Try it:
Without the images, write out all of the following entries exactly.

Material for this task:
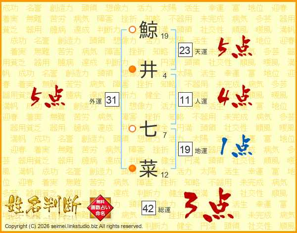 鯨(19画)井(4画) 七(7画)菜(12画)
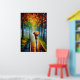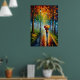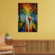 Det poster färgstarkt om en värld där höst löv dansar i regnet och målar gatorna med vibrerande färg. I denna poster ser vi en regnig dag, där allt känns lite ensamt, men också mysigt. En kvinna som går i regn och håller paraply på den här ensamma gatan. Det är som ett hemligt äventyr i regnet. Du kan ändra storleka på poster.
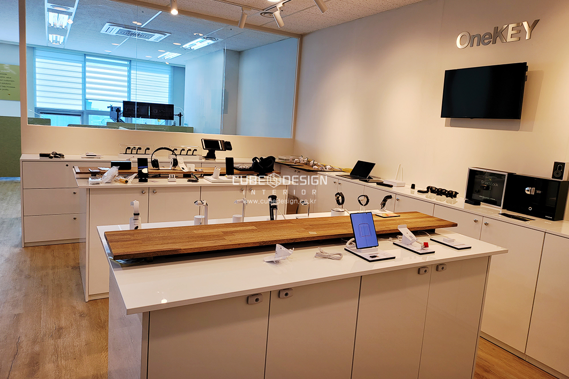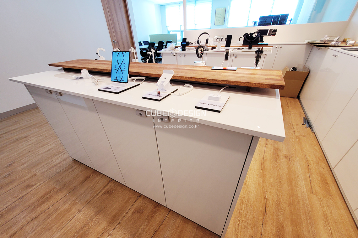 쇼룸공간에는 IT기기들이 전시될 수 있도록 맞춤가구에
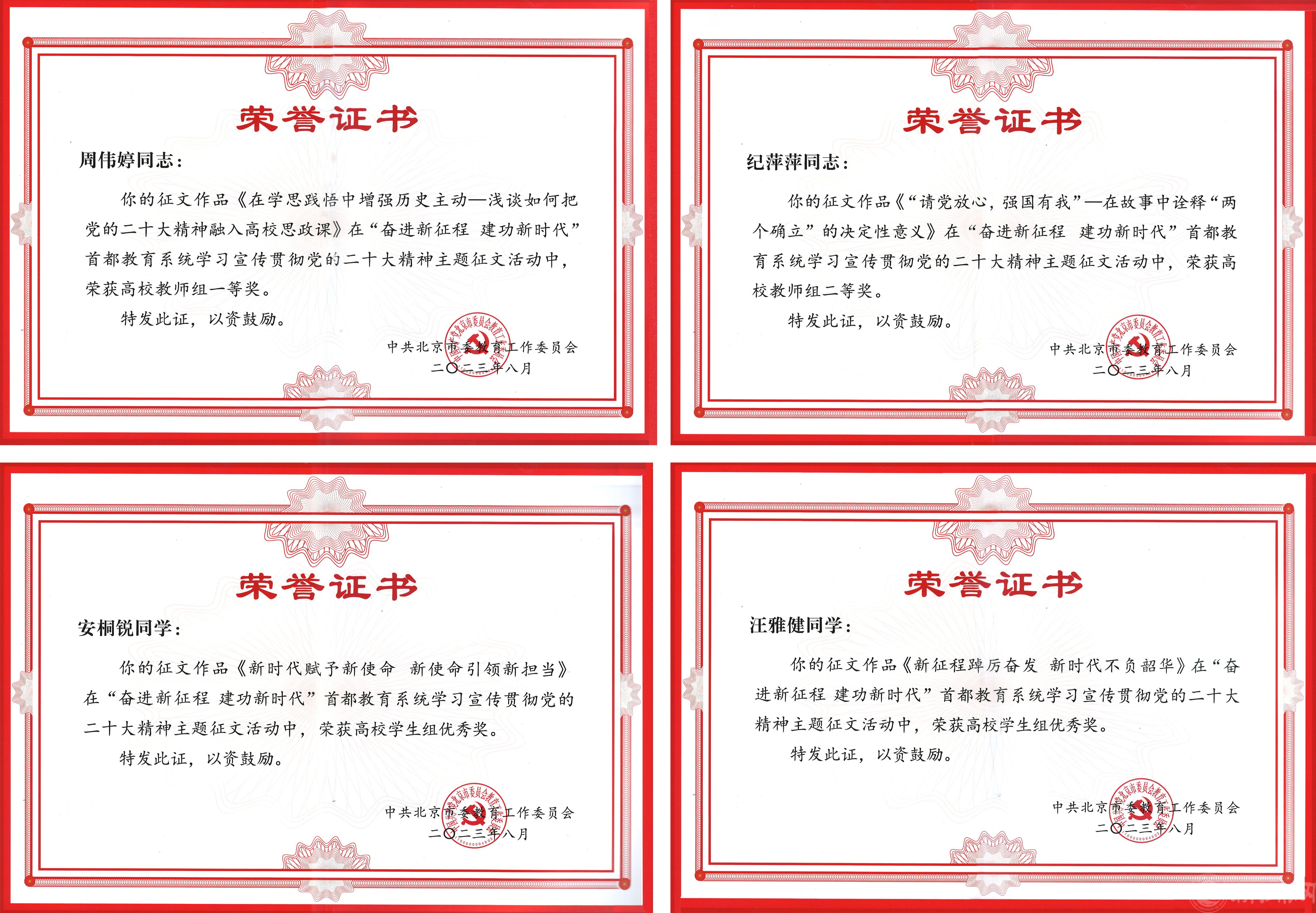 近日,由北京市委教育工委、北京市教育委员组织开展的“奋进新征程 建功新时代”主题征文活动获奖名单公布。米兰马克思主义周伟婷、纪萍萍分获高校教师组一、二等奖,文法学院安桐锐、伦敦布鲁内尔学院汪雅健获高校学生组优秀奖。
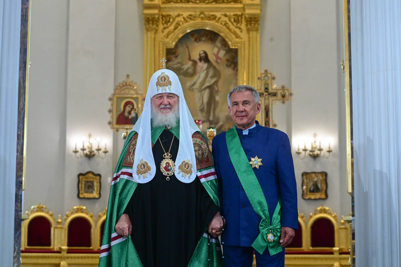 Мероприятие в Соборе Казанской иконы Божией Матери с участием Святейшего Патриарха Московского и всея Руси Кирилла и Раиса Татарстана Рустама Минниханова.

Task solution:
 鯨(19画)井(4画) 七(7画)菜(12画)
 Det poster färgstarkt om en värld där höst löv dansar i regnet och målar gatorna med vibrerande färg. I denna poster ser vi en regnig dag, där allt känns lite ensamt, men också mysigt. En kvinna som går i regn och håller paraply på den här ensamma gatan. Det är som ett hemligt äventyr i regnet. Du kan ändra storleka på poster.
 쇼룸공간에는 IT기기들이 전시될 수 있도록 맞춤가구에
 近日,由北京市委教育工委、北京市教育委员组织开展的“奋进新征程 建功新时代”主题征文活动获奖名单公布。米兰马克思主义周伟婷、纪萍萍分获高校教师组一、二等奖,文法学院安桐锐、伦敦布鲁内尔学院汪雅健获高校学生组优秀奖。
 Мероприятие в Соборе Казанской иконы Божией Матери с участием Святейшего Патриарха Московского и всея Руси Кирилла и Раиса Татарстана Рустама Минниханова.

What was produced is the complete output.